The evolution of the fuzziness of legal concepts, explored by our research, is an area that has so far resisted any attempts at formal modelling. Making conceptual ambiguities measurable and understanding their evolutionary dynamics help expand the toolbox for achieving coherent and predictable decision-making in the functioning of the legal system. The semantic variants of legal concepts are modelled by density functions over the semantic space, whereas the dynamics of legal ambiguity is modelled by variations in the shapes and spatial distances of such functions. Similar formal methodological approaches are being developed in several affiliated research centres abroad, for example by analysing the ambiguity in conceptual classification patterns in various fields of art. These foreign research efforts are also in the testing phase of such field-specific theoretical frameworks. Therefore, our research aims to set up the domestic leg of an emerging new consortium, to which we would contribute by analysing the dynamics of legal concepts. Formal modelling and the manual collection of empirical material are to be followed by contextual Deep Learning tests.

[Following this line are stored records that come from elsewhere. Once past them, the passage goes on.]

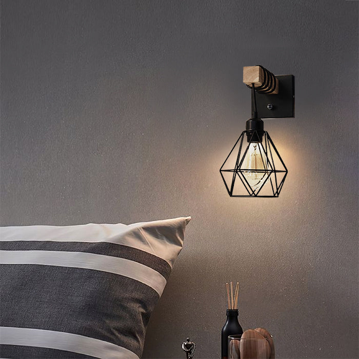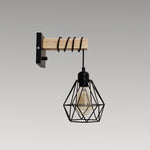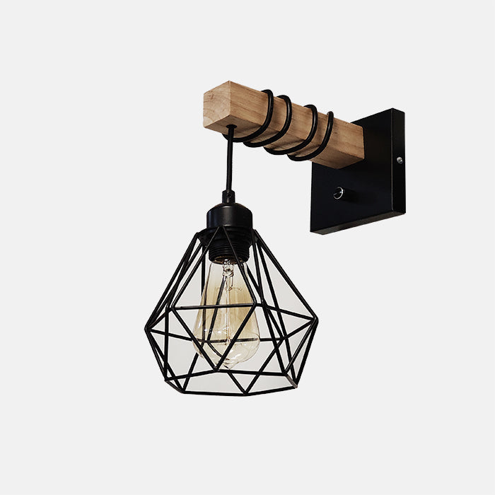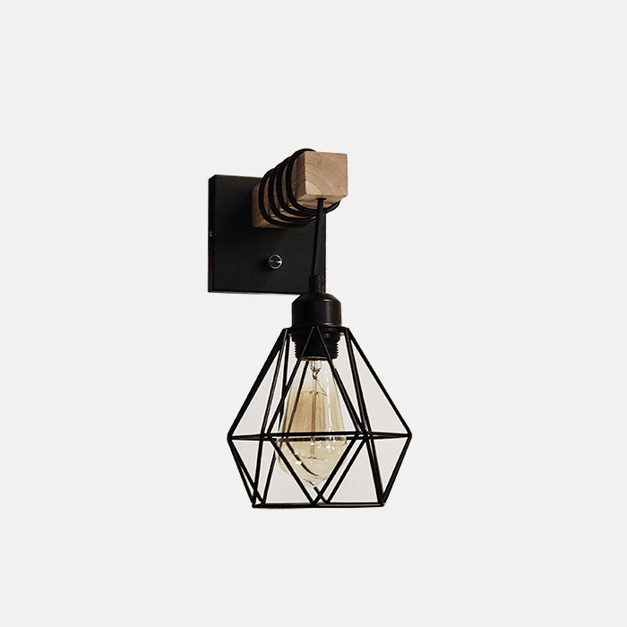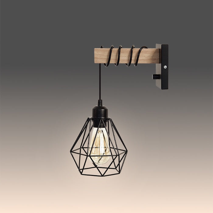 A stylish wall light with a natural wood bracket and a black geometric cage shade, perfect for adding an industrial touch to any space.
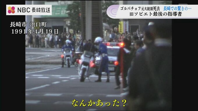 大統領時代の1991年4月には長崎を訪問。ロシア人墓地がある稲佐の悟真寺に向かう途中、突然車を止め、ライサ婦人と共に車を降りて、手を振りながら歩く一幕も!沿道につめかけた市民にこたえました。
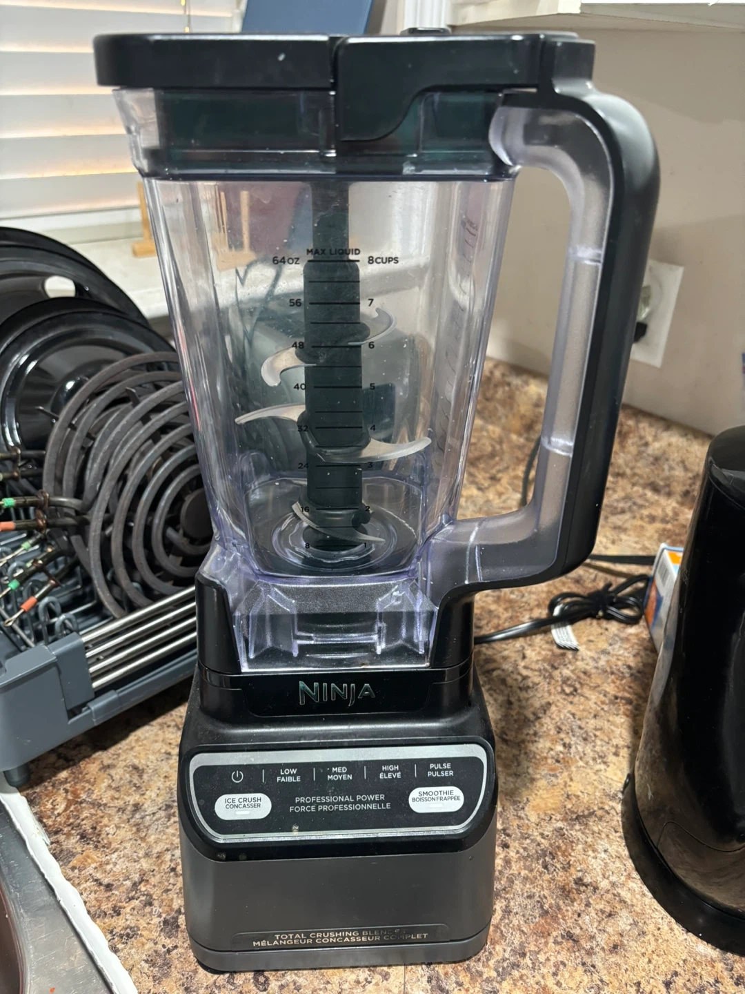 I'm selling a Ninja Professional Power Blender. It's in great condition and ready to make your favorite smoothies and crushed ice drinks. The blender has different power settings, including low, medium, high, and pulse. The container can hold up to 64oz of liquid or 8 cups. Perfect for making drinks for the whole family!
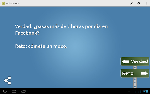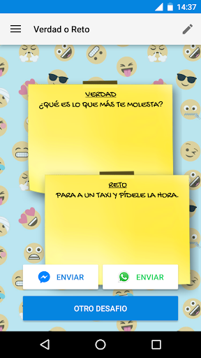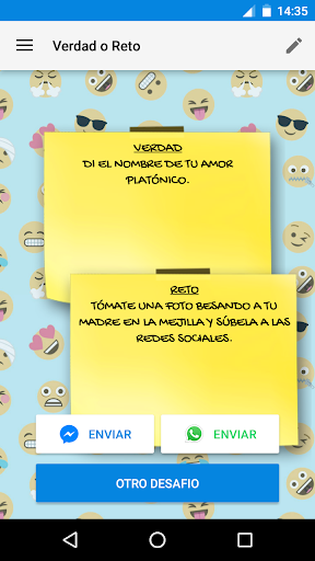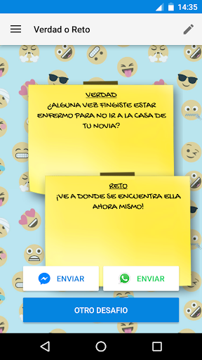 Todos las preguntas y desafíos son aportados por usuarios y nosotros los agregamos a la colección, así que si se te ocurre algún desafío o alguna pregunta puedes enviarlas desde la aplicación. También puedes crear uno personalizado y usarlo para jugar con tus amigos.
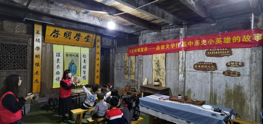 百福岩村的“启明学堂”,是村里的文化场所,也是平时许多祖辈带着小孩子们活动的“基地”。在这里,宣讲队员也给学龄前后的小朋友们也讲起了故事。

In the initial phase of the research, we investigated the semantic variants of basic legal concepts and identified their characteristic cognitive dimensions. To that end, we analysed detailed assessments of legal concepts by the Constitutional Court, looking for specific descriptive dimensions. The experiences drawn during the first phase on mapping into cognitive space were applied to second-instance and Curia-level rulings on domestic criminal judgments (pilot study). The aim was to operationalize concepts and clarify their cognitive spatial dimensions. A presentation on the results of the exploratory phase of the research and the consequent adaptation of our initial formal model was held at an international conference in Berlin in June 2022.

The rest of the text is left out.